The hall porter had witnessed all types come through the front door of the exclusive gentlemen’s club and knew better than to bat an eye when the stranger flashed a deckle-edged calling card then eschewed removing his damp coat, hunting hat and woolly muffler, indicating with a cavalier gesture that he knew his way to the Stranger’s Room and would not be requiring the services of a liveried footman as he scribbled a signature in the visitor’s book.

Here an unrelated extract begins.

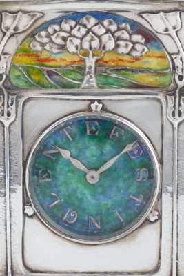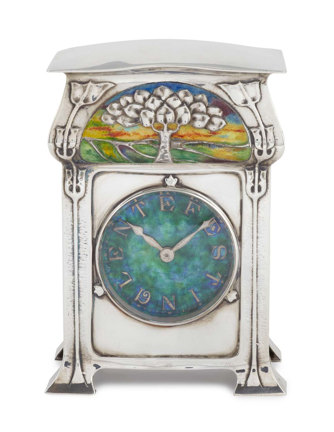 'CYMRIC' SILVER AND ENAMEL MANTEL CLOCK, DATED 1903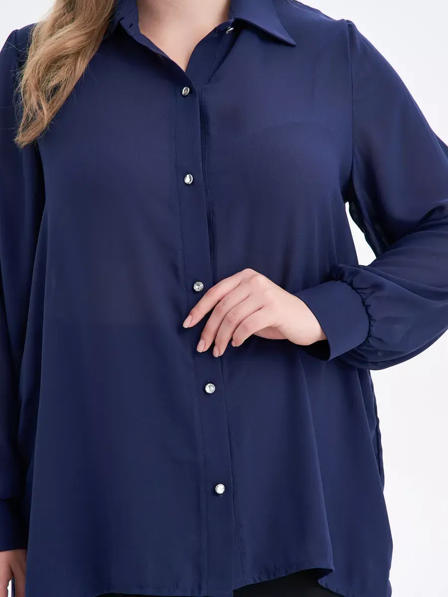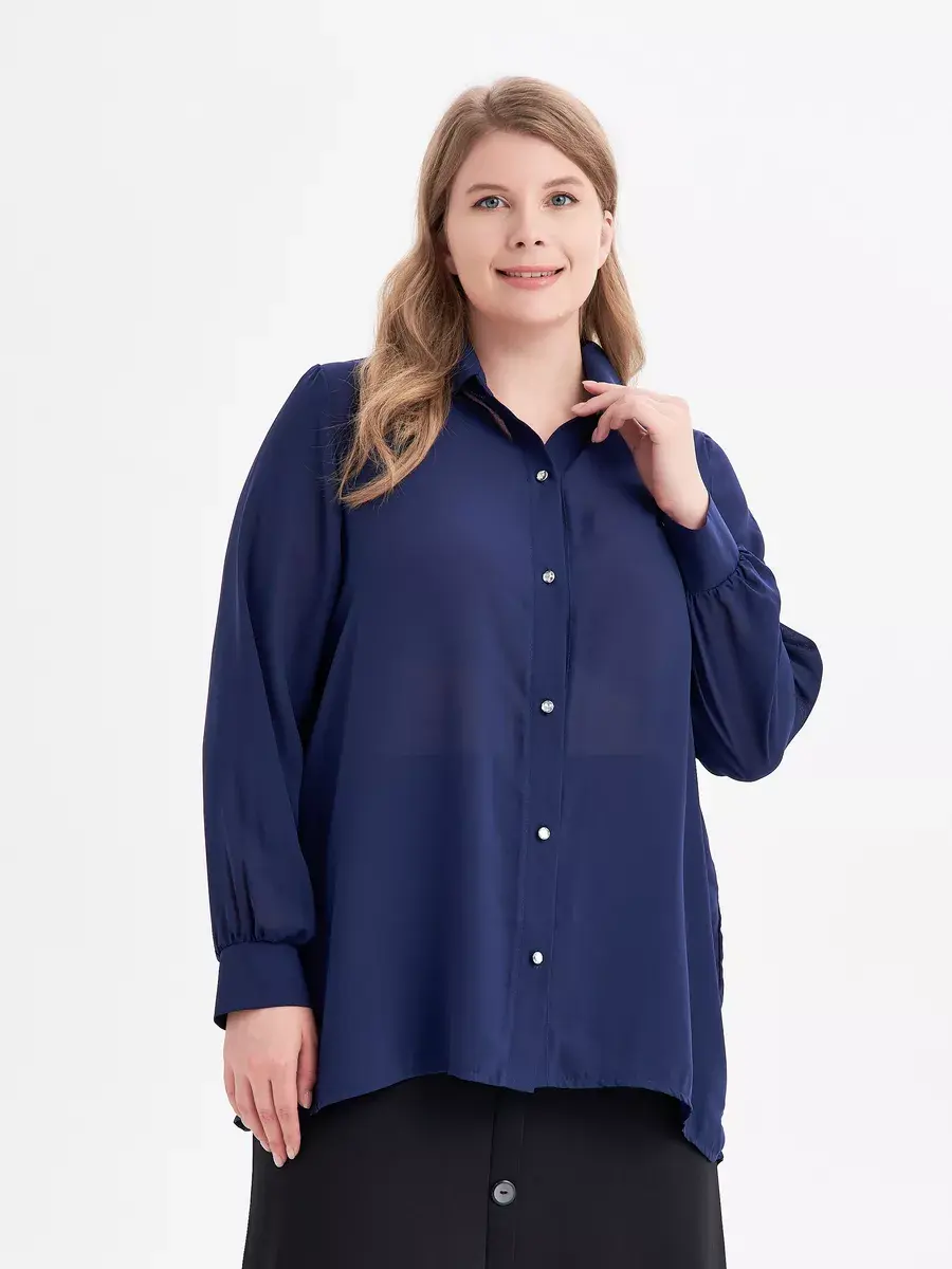 Шифоновая блузка больших размеров бренда OLSI. Полупрозрачная ткань рубашки с воздушным летящим эффектом. Базовая блузка универсального рубашечного кроя поможет создать разнообразные образы как в стиле Шик так и Кэжуал. Блузу можно носить на выпуск, заправлять в брюки или завязывать концы узлом. Женская блузка имеет свободный оверсайз силуэт, который обеспечивает максимальный комфорт и свободу движений. Манжеты с пуговицами и классический воротник добавляют деловой штрих и придают блузке элегантности. Размерный ряд от 52 до 70, включает большие плюс сайз размеры. Легкая блуза идеально подходит для семейных мероприятий, вечеринок, праздников, фотосессий и других особенных случаев. Стильный лаконичный дизайн и легкий полупрозрачный материал выделит вас из толпы. Одна из основных особенностей этой блузки – ее универсальность. Она идеально подходит как для повседневных casual образов, так и для создания элегантных и стильных луков на лето, весну, осень и вечерние мероприятия. Это популярная модель среди девушек и женщин, и она особенно подойдет для вечера, деловых встреч, свадебных торжеств и прочих особых событий. Она также отлично сочетается с пиджаком, джинсами, брюками и костюмами, позволяя вам создавать множество стильных образов. Классический дизайн блузки с длинным рукавом. Легкая блузочка дополнит гардероб взрослых женщин и девушек любого роста: высоких или невысоких, станет отличным вариантом выбора в качестве повседневного офисного или нарядного. Эта красивая блузка выглядит роскошно и привлекательно. Блузка сделает вас звездой любого мероприятия, подчеркнет вашу индивидуальность и подарит уверенность в своем образе. Обратите внимание и на другие модели из коллекции бренда OLSI и переходите в каталог.

Well, well, so that was the great consulting detective, Mr Sherlock Holmes; not as tall as he imagined - heroes were always a little disappointing in real life - must be paying his brother a visit. Dr Watson had arrived a few minutes ahead of him. Something was afoot.
What a coup! The muffled stranger felt an exalted frisson as he skirted the Teutonic tree and traversed the chequered marble floor, glancing briefly into the reading room that reeked of expensive cigars, hair oil and flatulent men.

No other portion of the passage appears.